Exercise aim:
The records below are to be restated word for word, with every picture left out.

Records drawn from a dataset
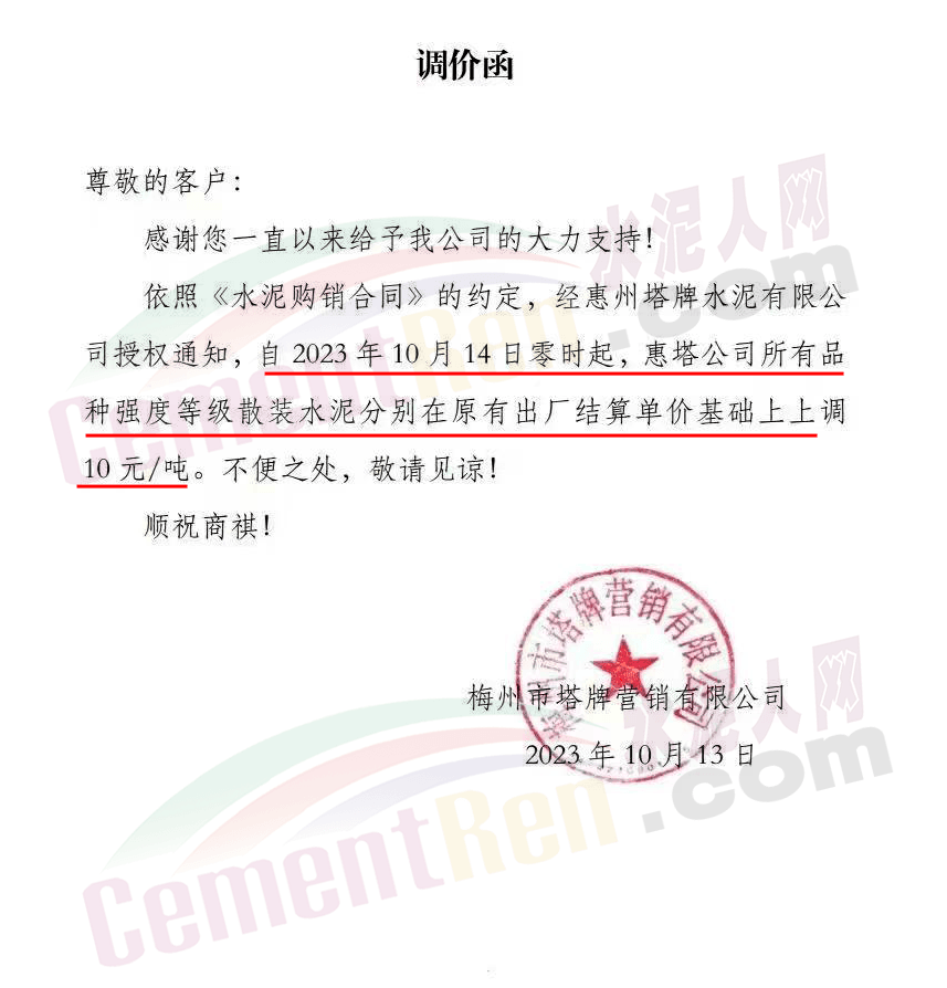 梅州市塔牌營銷有限公司通知,經惠州塔牌水泥有限公司授權通知,自2023年10月14日零時起,惠塔公司所有品種強度等級散裝水泥分別在原有出廠結算單價基礎上上調10元/噸。
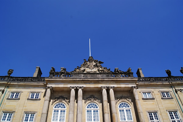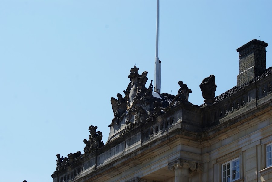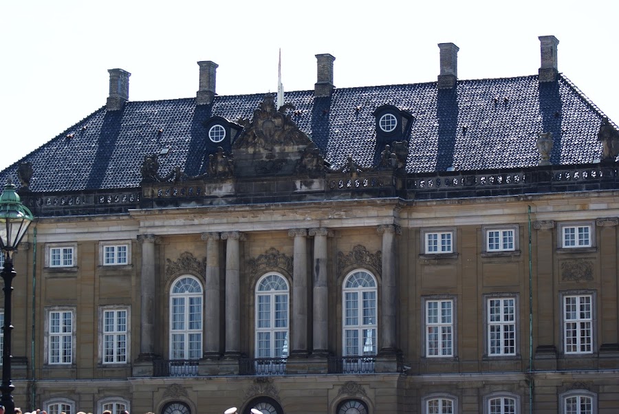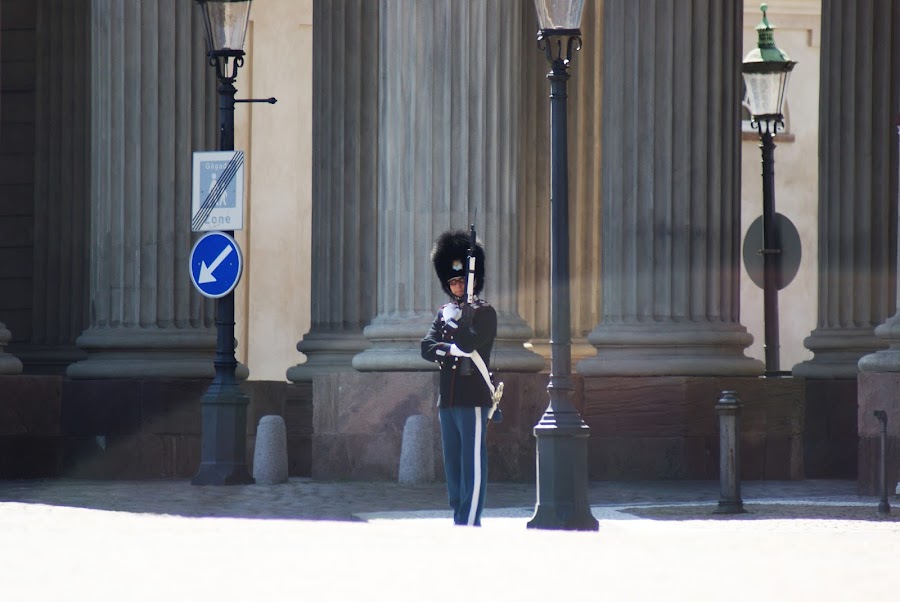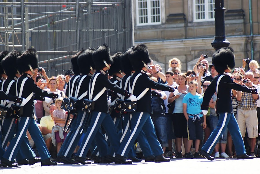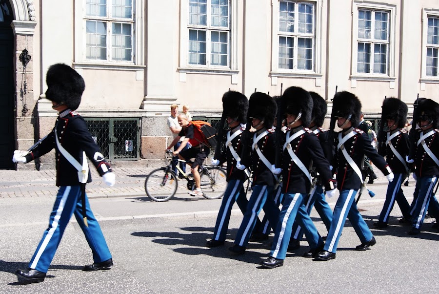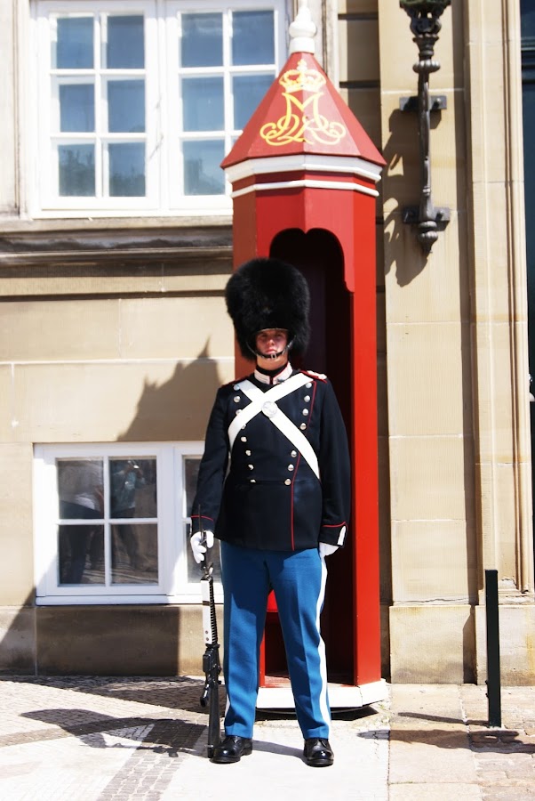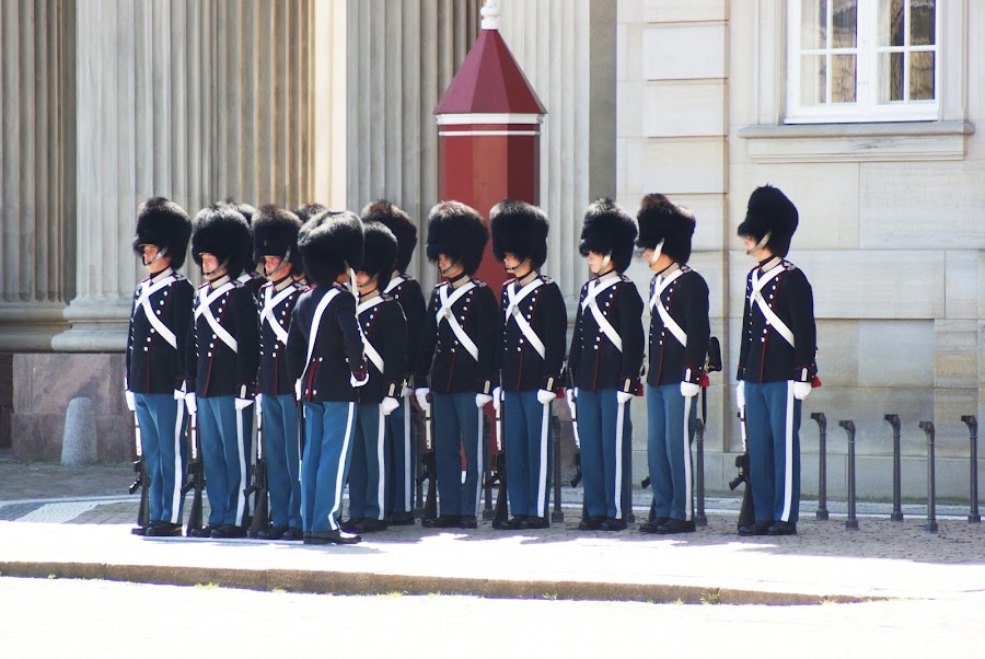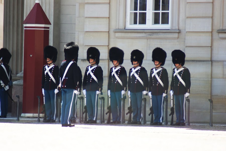 La guardia real danesa viste con casacas azules, aunque estas se tornan rojas cuando la ceremonia es de gala. Luego comprobaréis que los soldados vestidos de rojo son uno de los símbolos de la ciudad gracias al cuento del Soldadito de Plomo de Hans Christian Andersen.
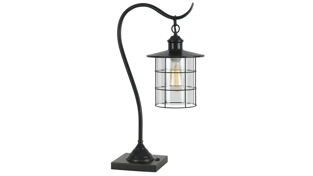 Nautical charm meets industrial edge in our Silverton Desk Lamp, a striking silhouette that adds character and clarity to your space.Inspired by coastal dock lights and vintage street lanterns, this lamp features a graceful swooping arm and a clear glass shade encased in a sturdy metal cage. The matte black finish with bronze accents adds timeless appeal, while the exposed bulb design brings a touch of retro flair—perfect for showing off a vintage Edison bulb. Whether anchoring your home office, brightening a side table, or adding ambiance to a reading nook, this lantern-style lamp offers both style and substance.
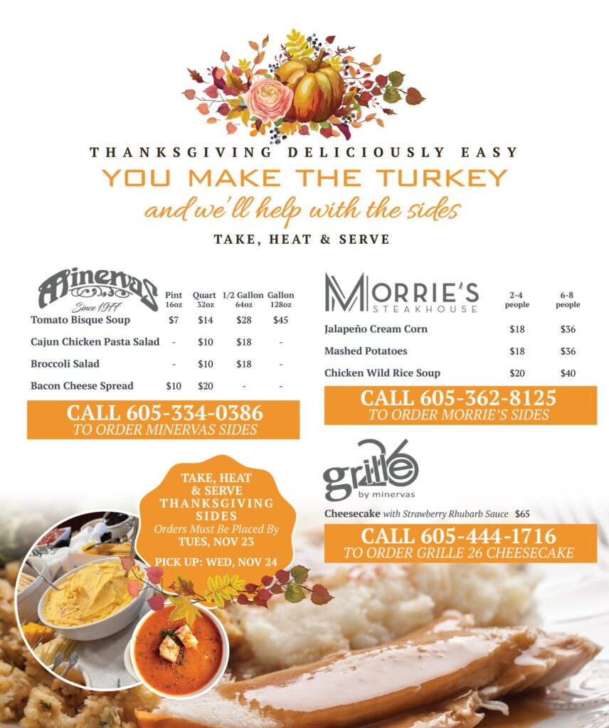 The Vanguard Hospitality family of restaurants has teamed up to offer side dishes and desserts to make your holiday meal as easy as take, heat and serve.
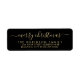 Script moderne noir et or Nom de famille Nom de famille Noël Retourner l'adresse Étiquettes. Doté d'un joli script de police de calligraphie écrit à la main avec "Joyeux Noël". Idéal pour Noël, facile de les personnaliser avec vos noms et informations d'adresse de retour.
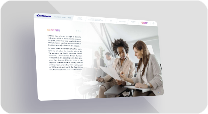 RELATÓRIO ANUAL / 2022 ABOUT FIT FOR GROWTH & ESG INNOVATION BUSINESS SUSUSSTTAINABILAINABILITITYY EMBRAER FINANCIAL PERFORMANCE UNIT INDICINDICAATTORORS S BENEFITS (GRI 401-2) Embraer has a broad package of bene昀椀ts that covers 100% of its collaborators across the globe, which may have small differences owing to market practices and local reality of the country or region in which it is located. In Brazil, where more than 85% of its work- force is allocated, the bene昀椀ts offered by the company are: Health Insurance, Dental Insurance, Life Insurance, Private Pension, restaurants in the operating units, Meal Vou- cher, Food Voucher, Maternity Leave of 180 days and paternity leave of 20 days, 昀氀exible working hours, alternative work models such as 100% remote and hybrid, Day Care Allowa- nce, Pharmacy Bene昀椀t, and Vaccine Bene昀椀t. 111111

Reply to the exercise:
 梅州市塔牌營銷有限公司通知,經惠州塔牌水泥有限公司授權通知,自2023年10月14日零時起,惠塔公司所有品種強度等級散裝水泥分別在原有出廠結算單價基礎上上調10元/噸。
 La guardia real danesa viste con casacas azules, aunque estas se tornan rojas cuando la ceremonia es de gala. Luego comprobaréis que los soldados vestidos de rojo son uno de los símbolos de la ciudad gracias al cuento del Soldadito de Plomo de Hans Christian Andersen.
 Nautical charm meets industrial edge in our Silverton Desk Lamp, a striking silhouette that adds character and clarity to your space.Inspired by coastal dock lights and vintage street lanterns, this lamp features a graceful swooping arm and a clear glass shade encased in a sturdy metal cage. The matte black finish with bronze accents adds timeless appeal, while the exposed bulb design brings a touch of retro flair—perfect for showing off a vintage Edison bulb. Whether anchoring your home office, brightening a side table, or adding ambiance to a reading nook, this lantern-style lamp offers both style and substance.
 The Vanguard Hospitality family of restaurants has teamed up to offer side dishes and desserts to make your holiday meal as easy as take, heat and serve.
 Script moderne noir et or Nom de famille Nom de famille Noël Retourner l'adresse Étiquettes. Doté d'un joli script de police de calligraphie écrit à la main avec "Joyeux Noël". Idéal pour Noël, facile de les personnaliser avec vos noms et informations d'adresse de retour.
 RELATÓRIO ANUAL / 2022 ABOUT FIT FOR GROWTH & ESG INNOVATION BUSINESS SUSUSSTTAINABILAINABILITITYY EMBRAER FINANCIAL PERFORMANCE UNIT INDICINDICAATTORORS S BENEFITS (GRI 401-2) Embraer has a broad package of bene昀椀ts that covers 100% of its collaborators across the globe, which may have small differences owing to market practices and local reality of the country or region in which it is located. In Brazil, where more than 85% of its work- force is allocated, the bene昀椀ts offered by the company are: Health Insurance, Dental Insurance, Life Insurance, Private Pension, restaurants in the operating units, Meal Vou- cher, Food Voucher, Maternity Leave of 180 days and paternity leave of 20 days, 昀氀exible working hours, alternative work models such as 100% remote and hybrid, Day Care Allowa- nce, Pharmacy Bene昀椀t, and Vaccine Bene昀椀t. 111111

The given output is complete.